The Procurator General of the USSR () was the highest functionary of the Office of the Public Procurator of the USSR, responsible for the whole system of offices of public procurators and supervision of their activities on the territory of the Soviet Union.

History
The office of procurator had its historical roots in Imperial Russia, and under Soviet law public procurators had wide ranging responsibilities including, but not limited to, those of public prosecutors found in other legal systems. Offices of Public Procurators were and are still used in other countries adhering to the doctrine of socialist law.

The Office of Public Procurator of the USSR was created in 1936, and its head was called Public Procurator of the USSR until 1946, when it was changed to Procurator General of the USSR. According to the 1936 Soviet Constitution, the Procurator General exercised the highest degree of direct or indirect (through subordinate public procurators) control over the accurate execution of laws by all ministries, departments, their subordinate establishments and enterprises, executive and administrative bodies of local Soviets, cooperative organizations, officials (including judges in court proceedings), and citizens on behalf of the state.

The Procurator General was appointed by the Supreme Soviet of the USSR for a 7-year term and given a class rank of the Active state counselor of justice.
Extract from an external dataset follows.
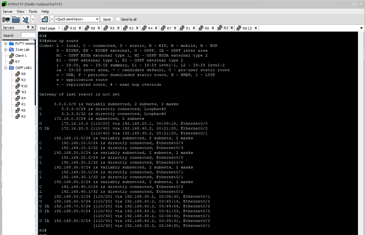 show ip route: Validar o recebimento das rotas de outras áreas.

His deputies and Procurator General of the Armed Forces were appointed by the Presidium of the Supreme Soviet of the USSR on recommendation from Procurator General. The Procurator General appointed public procurators of the Soviet republics and, on their recommendation, public procurators of autonomous republics, krais, oblasts and autonomous oblasts. He also issued orders and instructions for all of the offices of public procurators, instructed on differentiation of their competence, etc.

The Procurator General had the right to present his issues to the Presidium of the Supreme Soviet that needed to be solved in the legislative manner or demanded interpretation of the law.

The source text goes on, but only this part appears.